И следователь опять и опять дознавался: какая разведка, какое задание? Допрос он прервал внезапно. Тоном сожаления за «непростительную оплошность», почти с простой человеческой интонацией, которая воспринималась теперь как мерзкое лицемерие, он воскликнул:

– Ведь вы же голодны! С утра ничего не ели!

Позвонив, он велел принести две порции «второго». Ночью, в три часа, в казённом кабинете НКВД появившийся на столе бефстроганов представился адской едой. Если упрямство – признак жизни, значит я была жива. Я знала, что к пище ни за что не притронусь.

Отужинав в одиночестве, следователь продолжил допрос. Кроме «не знаю», «нет», «не слышала», мне нечего было отвечать. Он взывал к моему разуму: во-первых, «отвечать правду»; во-вторых, «всё-таки поесть». И снова спрашивал:

– Какое вознаграждение вы получали от тех, на кого работали?

Измолачивание вопросами прекратилось вдруг. Следователь вызвал дежурного:

– Отведите арестованную в камеру!

Разве сердцу было ещё куда падать? Оно упало. Я немало слышала о камерах тридцать седьмого года. В какую меня?

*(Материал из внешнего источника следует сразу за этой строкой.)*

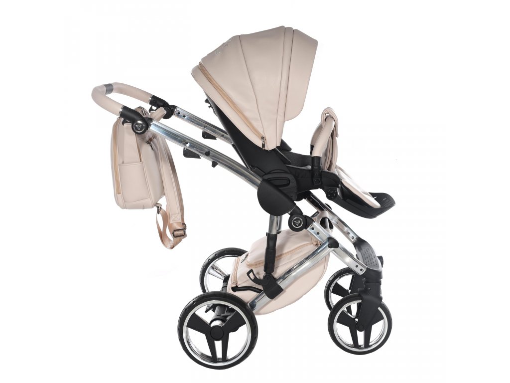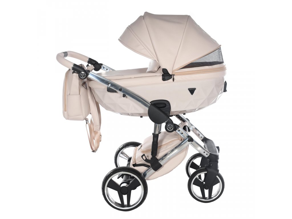 Junama Teddy má klasickou prostornou korbičku a konstrukci vybavenou pro chůzi v jakémkoli ročním období - s inovativním systémem větrání, prodlouženou stříškou a dostatkem volného prostoru v korbičce.

– Прямо, – говорили мне, – налево, направо, вниз, налево.

Наконец одна из дверей открылась во двор, в ночь. Квадрат звёздного неба над головой взвизгнул вместе с дверью и отлетел куда-то ввысь. Ещё несколько ступеней вниз, и я очутилась во внутренней тюрьме НКВД. Появились надзиратели. Открывали ворота, замки и тут же их задвигали, защёлкивали. Длинный коридор. По обе стороны множество дверей. Под потолком тусклые лампочки.

Было чувство, что по коридору иду не я, а только часть меня. Остальная «я» на каждом шагу всё падала и падала плашмя. Потому что невозможно было всему этому быть. Даже в ошпаренной, вымороченной действительности – невозможно. Но «падала» я в самой себе, в ровно двигавшейся оболочке себя. «А-а-а!» – кричало ослепшее нутро. Опять гремели ключи. Как много железа вокруг! В камерах тридцать седьмого года, рассказывали, негде было лечь из-за скопления людей. А сколько здесь? Какие, кто они?

Дверь отворили. Там была кромешная тьма, яма-пропасть. Я обернулась. Сзади стояли дежурный и мой следователь. В последнюю секунду он не протянул, а резко сунул мне мою чёрную шляпу, которую почему-то держал в руке. «Это карцер», – сообразила я. И шагнула туда. За мной заперли дверь. Из какой другой тьмы я вплыла в эту? Желание было одно: лечь. Пошарила рукой, ногой по полу, по стене. Нигде ничего. Кроме стен, цементного пола – ничего.

Изнеможение. Бессилие.

Какое-то время я простояла, притулившись к стене, потом съехала и села на цементный пол. Знобило. И жгло внутри. Мозг горел. Вставала опять. Снова, как мешок, съезжала на пол. Не находила места. Незрячий бунт швырял из угла в угол. Дичая, освобождаясь от всяких условностей, я стала биться головой об стену. Надо было сломать этот понимающий всю безнадёжность положения аппарат, чтобы ничего не разуметь. Падала замертво и вскидывалась опять.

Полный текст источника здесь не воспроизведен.